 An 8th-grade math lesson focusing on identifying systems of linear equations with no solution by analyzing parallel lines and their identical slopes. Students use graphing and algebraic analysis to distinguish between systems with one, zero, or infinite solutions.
**********
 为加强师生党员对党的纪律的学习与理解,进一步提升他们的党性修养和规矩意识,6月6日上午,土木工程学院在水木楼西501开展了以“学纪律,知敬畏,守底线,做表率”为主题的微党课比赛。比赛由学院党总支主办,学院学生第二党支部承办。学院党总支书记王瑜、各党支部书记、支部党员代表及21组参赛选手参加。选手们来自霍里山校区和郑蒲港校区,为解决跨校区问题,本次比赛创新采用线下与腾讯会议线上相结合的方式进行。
**********
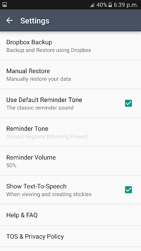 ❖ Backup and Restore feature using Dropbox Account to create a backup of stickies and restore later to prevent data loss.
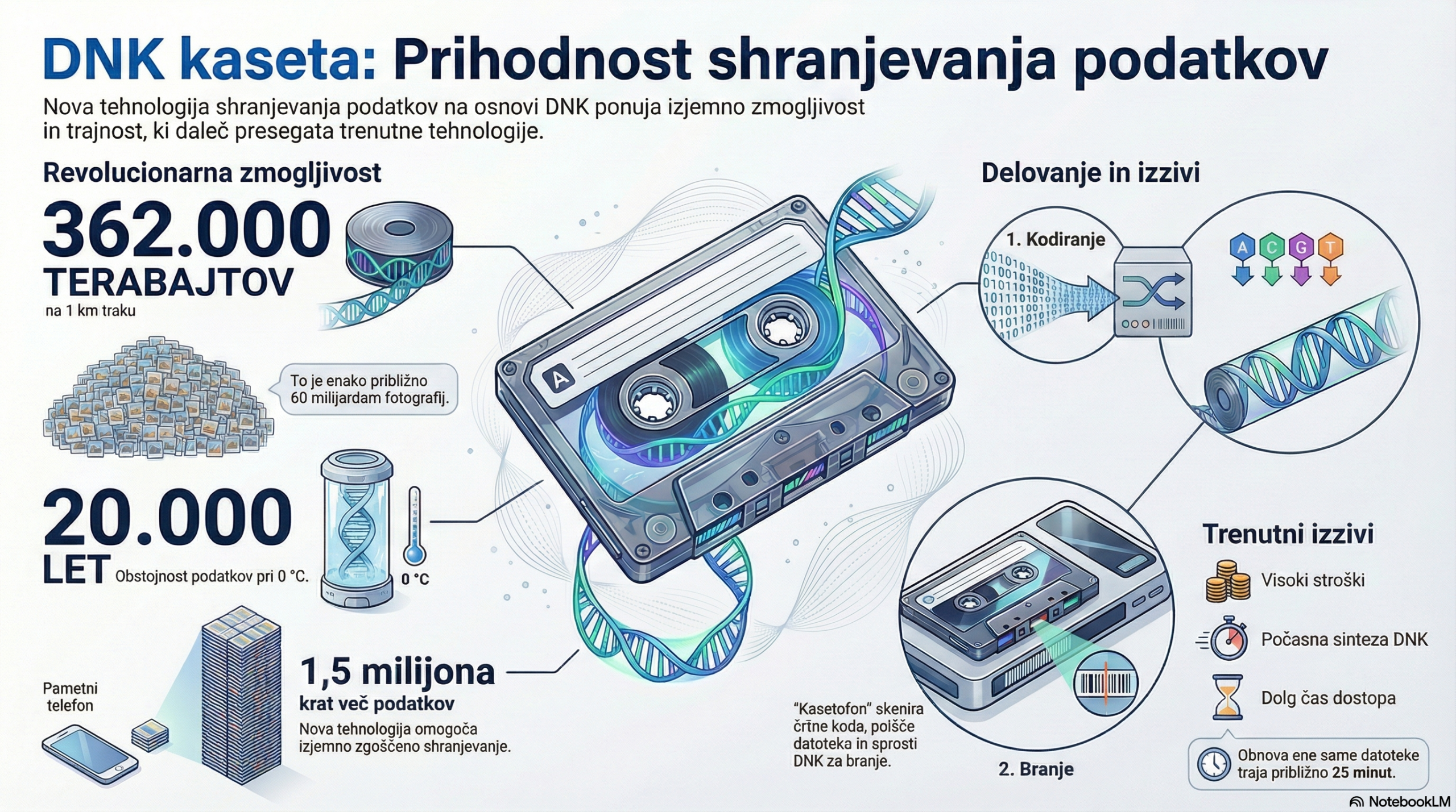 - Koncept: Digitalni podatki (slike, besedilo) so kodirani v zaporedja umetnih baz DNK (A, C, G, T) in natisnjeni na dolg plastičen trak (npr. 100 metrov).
**********
Print everything from the line with "prevent data loss." down to the line with "- Koncept: Digitalni" in the entries above, both lines included and nothing more, without the pictures.

 ❖ Backup and Restore feature using Dropbox Account to create a backup of stickies and restore later to prevent data loss.
 - Koncept: Digitalni podatki (slike, besedilo) so kodirani v zaporedja umetnih baz DNK (A, C, G, T) in natisnjeni na dolg plastičen trak (npr. 100 metrov).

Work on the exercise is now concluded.